Search code examples
pythonnumpygeometrycomputational-geometryellipse

Fitting 3D ellipsoid to points in 3D space - different methods, different answers


I have a large 3D point cloud that I'm trying to define the shape, size and volume of. I'm using scipy.spatial.convexHull to find the convex hull of the point cloud which gives me the volume of the point cloud and I'm then using the vertices of the convex hull to fit an ellipsoid to that to define the size and shape. I identified two possible python modules for fitting of the ellipsoid : pyEllipsoid_Fit (https://github.com/marksemple/pyEllipsoid_Fit) and ellipsoid_fit_python (https://github.com/aleksandrbazhin/ellipsoid_fit_python) which both seem to derived from the same MATLAB library by Yury Petrov. This all sounds pretty simple.

I've shown a reduced set of points from my convex hull to give an idea of its shape but it's about 30,000 points in the cloud and the convex hull has about 2,000 vertices.

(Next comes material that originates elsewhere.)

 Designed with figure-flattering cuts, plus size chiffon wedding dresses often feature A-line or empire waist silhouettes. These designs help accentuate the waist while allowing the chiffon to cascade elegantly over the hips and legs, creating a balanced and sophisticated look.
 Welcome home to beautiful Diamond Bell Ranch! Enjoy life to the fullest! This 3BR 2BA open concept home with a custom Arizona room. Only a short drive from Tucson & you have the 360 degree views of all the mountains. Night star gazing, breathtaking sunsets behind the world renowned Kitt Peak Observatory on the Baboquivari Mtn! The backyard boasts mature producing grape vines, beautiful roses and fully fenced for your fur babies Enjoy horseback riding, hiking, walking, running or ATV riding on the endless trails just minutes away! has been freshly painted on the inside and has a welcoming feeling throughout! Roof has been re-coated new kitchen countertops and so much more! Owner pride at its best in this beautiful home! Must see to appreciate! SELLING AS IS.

clusterData = np.array([[ 0.73938582, -0.64072618, -0.30248798],
       [ 0.7456499 , -0.62475833, -0.26983183],
       [ 0.71082352, -0.64138446, -0.26690041],
       [ 0.70722122, -0.61039429, -0.25441756],
       [ 0.73099042, -0.63183361, -0.23934509],
       [ 0.7594304 , -0.60428986, -0.29554205],
       [ 0.71364348, -0.66918549, -0.24510986]])

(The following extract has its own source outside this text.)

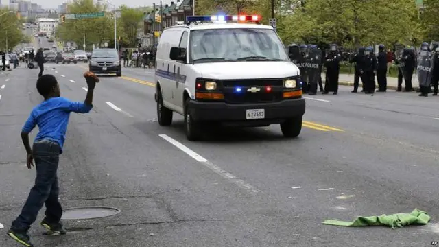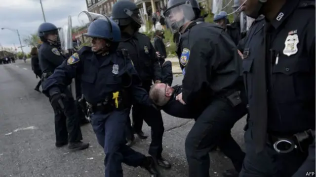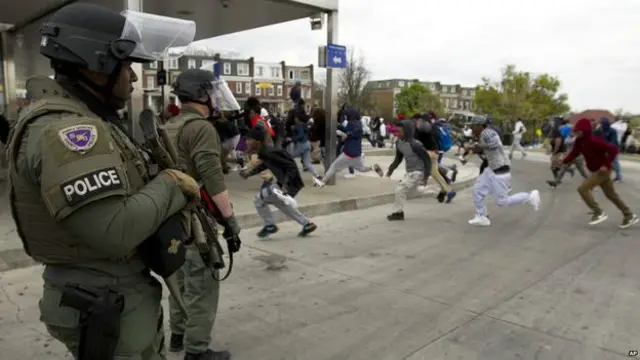 پلیس بالتیمور در حساب توییتر خود نوشته است کسانی که دست به خشونت زده اند به هشدار پلیس برای متفرق شدن اعتنا نمی کنند و چند افسر پلیس مجروح شده اند.

Running the ellipsoid fit on the hull points gives the following results:

center, evecs, radii, v = ellipsoid_fit(hull.points[hull.vertices])

center
Out[51]: array([ 0.73215066, -0.63262089, -0.26906655])

radii
Out[52]: array([0.03521219, 0.06578687, 0.0504479 ])

Both fit modules return the same result for centre point and radii. The centre point values seem plausible and are roughly in the middle of the point cloud and the radii are also plausible although the y value seems possibly a little large.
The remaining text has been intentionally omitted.